Review of $5 a Day

$5 a Day (2008)
7/10
Can't drink a Pepsi now without thinking of Christopher Walken . . .
16 September 2011
Warning: Spoilers
. . . but haven't found out where to get such a Sweet 'n Low-down deal yet, either. Not everyone who sees $5 A DAY is likely to sleep on the bare floors of foreclosed houses on their next road trip. (Would the plumbing even be hooked up?) Nor will they necessarily find room service waiters as gullible as the one featured in this movie. In real life, a person might have to live to the age of 147 or so to recoup the cost of making 365 (counting leap year: do the math) fake driver's licenses so EVERY day is a free day at restaurants offering birthday dinners gratis (where I live, you get 1% off for each year of age, meaning such notable oldsters as Ronald Reagan, Gerald Ford, and Ben Franklin ALL would have croaked before "earning" a free lunch).
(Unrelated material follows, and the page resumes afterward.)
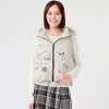 立体的なスタンドカラーとワッペン風編み込みがポイント。ワードローブに加えておしゃれの幅を広げてみて。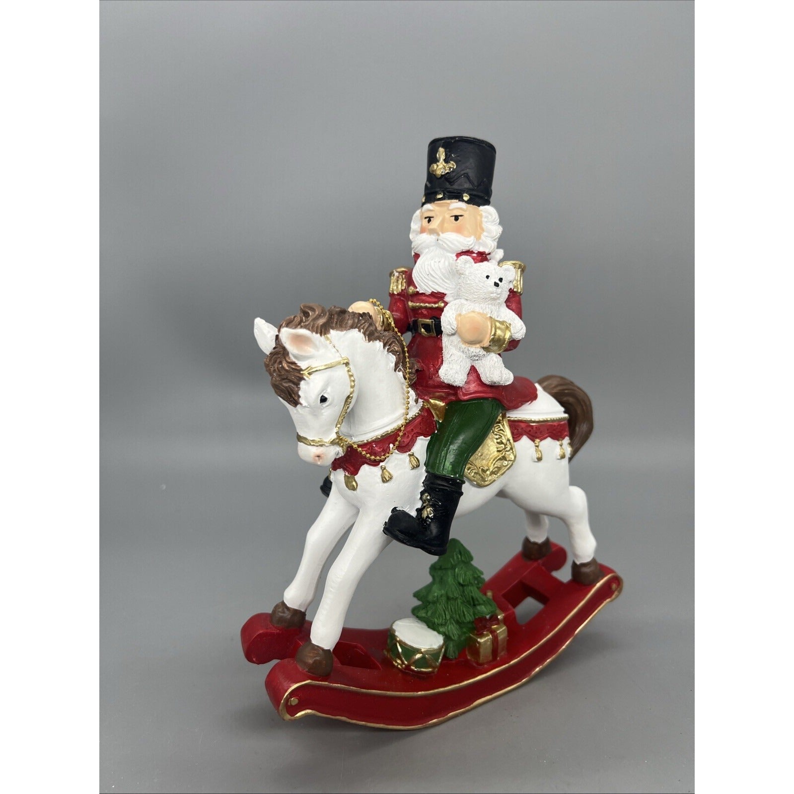 This delightful 9.25" Santa on a rocking horse captures the joy of the season in classic style. Dressed in his traditional red suit, Santa holds the reins while his intricately detailed horse adds a nostalgic touch. Perfect as a tabletop centerpiece, mantel accent, or collectible gift, this piece brings timeless holiday charm to any home décor

However, Walken's final destination, as a member of the so-called "Pepsi Generation," will have few thinking "things go better with Coke." Now, if I can just settle on WHICH sponsor to seek for an ad-mobile with 1,000-miles-a-month worth of free gas, I can get on with my own product placement project in real life. Since pink is not my color, I won't be applying to S & L, as Christopher does in his $5 starring vehicle. A nice black SUV from Switzer's licorice could provide enough room for BOTH free samples and my travel gear . . . BUT a classy yellow Butterfingers-mobile would not be too shabby for when the munchies strike, either.